Долго ль еще нам ходить по гроба,

Как по грибы деревенская девка?..

«Дикая кошка – армянская речь…», 1930

Речь в этом эпизоде идет о супругах Овчинниковых. Жили они в Большом Власьевском переулке (см. «Список адресов»).

В характеристиках воды Арзни: «хорошая, КоЛЮЧая, сухая» «спрятался» «ключ», слово «колючая» передает не только вкусовые ощущения, но и содержит в свернутом виде определение «ключевая». «Милый кодак» – глаз сравнивается с фотоаппаратом, «сетчатка голодна»: речь идет о той же жажде видения, что и в «Канцоне». «Хрусталик кравчей птицы» – острое зрение; вероятно, имеется в виду орлиный глаз. Орел – Зевсова птица; должности виночерпия и кравчего нередко отождествляются. (Кравчий в допетровской Московии ведал царским столом.) На пиру богов роль виночерпия, согласно греческой мифологии, исполняла Геба, дочь царя богов Зевса, а позднее – Ганимед.
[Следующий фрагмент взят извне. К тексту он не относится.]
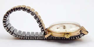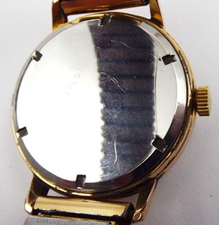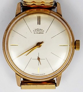 Československo, rok vzniku 1964. Zlacené pouzdro, obecný kov - náramek. Náramkové hodiny značky PRIM. Typové označení: 500953. Zlacené pouzdro z Francie, průměr pouzdra 33,7 mm. Šroubovací víko. Číslované 1153139. Kovový náramek. Funkční. Vzhledem ke stáří hodinek bez záruky přesnosti chodu a dlouhodobé funkčnosti.
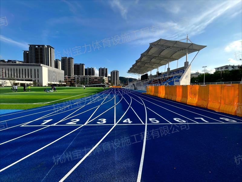 2023年由杭州宝力体育设施工程有限公司承建的杭州师范大学附属中学400米半预制塑胶跑道,人造草足球场以及采用EPDM环保颗粒铺设的多功能运动地面,为学校体育教学与活动提供了安全、专业的运动环境。
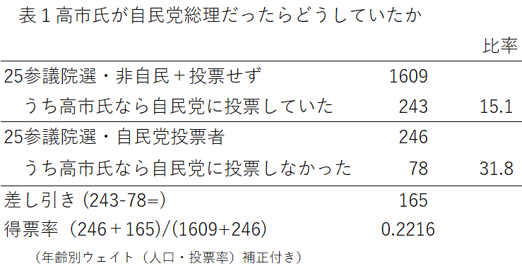 その目論見は実現可能であろうか? 保守票の奪還に最も向いている候補と考えられる高市氏を例に挙げて考えてみよう。今回、自民党に入れなかった人に、参議院選挙でもし総理が高市氏だったら自民党に投票していたかどうかを聞いてみた。また、逆に今回自民党に入れた人に、総理が高市氏だったら自民党に入れるのをやめたかどうかも聞いてみた。高市氏は自民党内で最右派に属するため、嫌う人もいるからである。表1がその結果である。
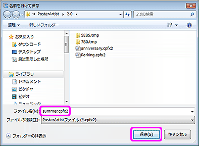 ポスターを保存する場合、通常は、拡張子「.cpfx2」が付いたPosterArtist専用のファイルとして保存されます。

Возможна связь мандельштамовского образа с хрестоматийным стихотворением Ф. Тютчева «Весенняя гроза», где мы встречаем Гебу рядом с орлом: «Ты скажешь: ветреная Геба, / Кормя Зевесова орла, / Громокипящий кубок с неба, / Смеясь, на землю пролила!» Мандельштамовские стихи написаны в день рождения Пушкина, и четвертая часть «Отрывков» отражает, несомненно, раздумья Мандельштама о своем месте в русской поэзии (ср. с пушкинским «Пророком»).
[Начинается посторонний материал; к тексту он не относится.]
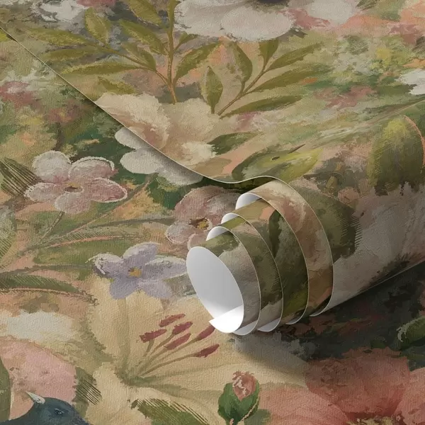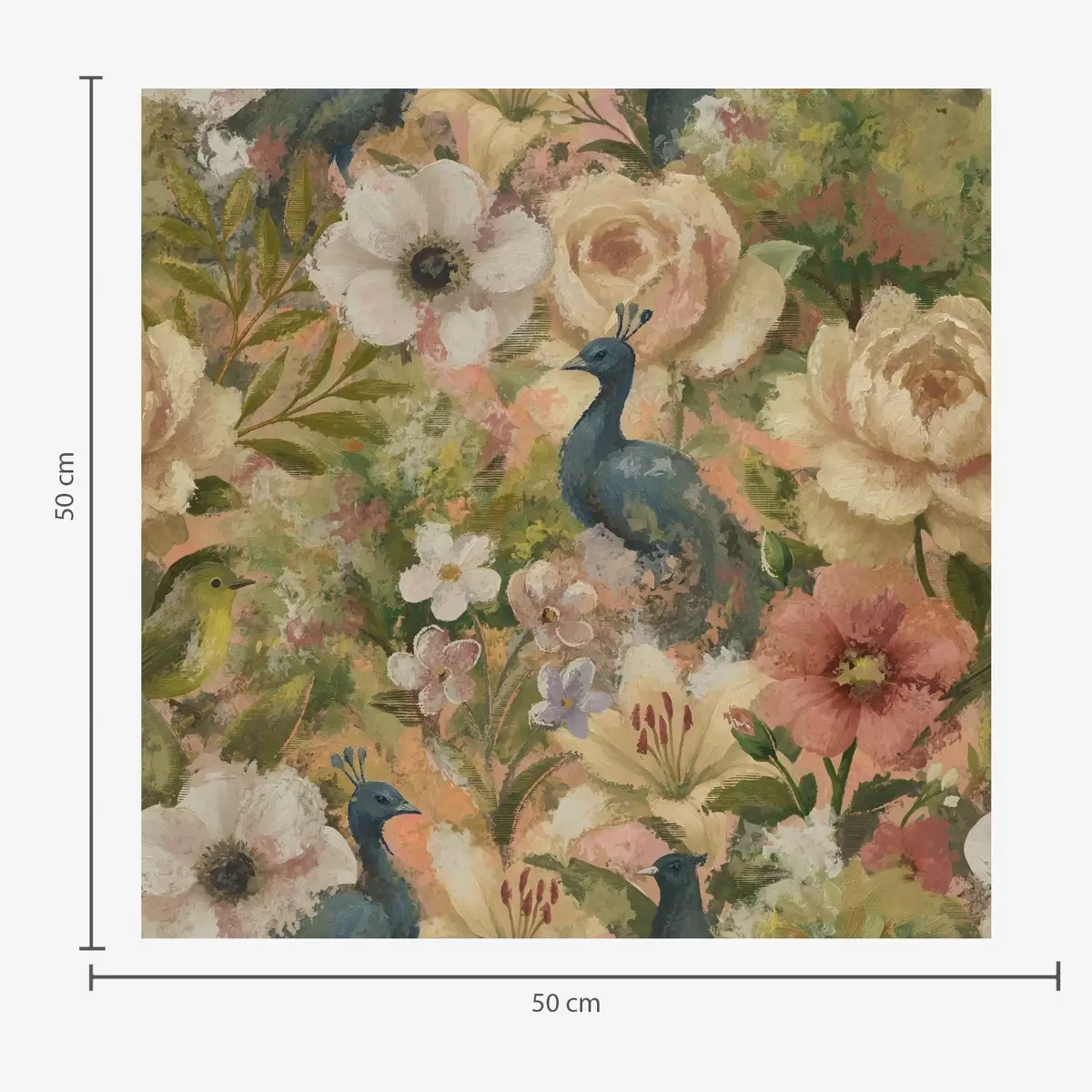 Behang Schilderachtige tuin met pauwen en grote bloemen Nr. a00885

Кавказские впечатления отразило и написанное в июне 1931 года стихотворение «На высоком перевале…». Есть основания полагать, что поэт работал над этими стихами в Старосадском переулке – на это указывает комментарий Н.Я. Мандельштам: «Стихи о Шуше написаны в Москве летом 31 года, когда мы жили в комнате у Александра Эмильевича (он уехал в отпуск с женой)…» [214]

На высоком перевале

В мусульманской стороне

Мы со смертью пировали —

Было страшно, как во сне.

Нам попался фаэтонщик,

Пропеченный, как изюм, —

Словно дьявола поденщик,

Односложен и угрюм.

То гортанный крик араба,

То бессмысленное «цо!» —

Словно розу или жабу,

Он берег свое лицо.

Под кожевенною маской

Скрыв ужасные черты,

Он куда-то гнал коляску

До последней хрипоты.

И пошли толчки, разгоны,

И не слезть было с горы —

Закружились фаэтоны,

Постоялые дворы…

Я очнулся: стой, приятель!

Я припомнил, черт возьми!

Это чумный председатель

Заблудился с лошадьми.

Он безносой канителью

Правит, душу веселя,

Чтоб вертелась каруселью

Кисло-сладкая земля…

Так в Нагорном Карабахе,

В хищном городе Шуше,

Я изведал эти страхи,

Соприродные душе.

Сорок тысяч мертвых окон

Там видны со всех сторон,

И труда бездушный кокон

На горах похоронен.

И бесстыдно розовеют

Обнаженные дома,

А над ними неба мреет

Темно-синяя чума.

12 июня 1931

Приведем краткий комментарий М.Л. Гаспарова. Речь в стихотворении идет «о возвращении из поездки в Нагорный Карабах, из г. Шуши (разоренного турками во время резни 1920 года) в Степанакерт; фигура безносого фаэтонщика ассоциируется с председателем и с негром-возницей из пушкинского “Пира во время чумы” (а размер стихотворения – с “Бесами”) и приводит к мысли “мы ничего не знаем о тех, от кого зависит наша судьба” (слова ОМ в пересказе НЯМ). “Словно розу или жабу” – образ из стих. Есенина “Мне осталась одна забава…”» [215] . (ОМ в комментарии – Осип Мандельштам, НЯМ – Надежда Яковлевна Мандельштам.) «Встреча по дороге из Шуши с мирным стадом, после которой прошел охвативший путешественников страх» (М. Гаспаров, там же) осталась в июньском стихотворении «Как народная громада…».

Как народная громада,

Прошибая землю в пот,

Многоярусное стадо

Пропыленною армадой

Ровно в голову плывет.

Телки с нежными боками

И бычки-баловники,

А за ними – кораблями —

Буйволицы с буйволами

И священники-быки.

У Мандельштама в Старосадском переулке бывали его друг биолог Б.С. Кузин, филолог Эмма Герштейн, впоследствии известный литературовед, поэты Семен Липкин и Борис Лапин. Эмма Герштейн вспоминала: «Я была в Старосадском, когда к Мандельштаму прибежал Борис Лапин. <…> Тут Осип Эмильевич прочел ему свою “Канцону”» [216] . В свою очередь, Лапин рассказал Мандельштаму о полете на самолете, делавшем «мертвую петлю». По свидетельству Н. Мандельштам, этот рассказ отразился в написанном 23 апреля 1931 года стихотворении.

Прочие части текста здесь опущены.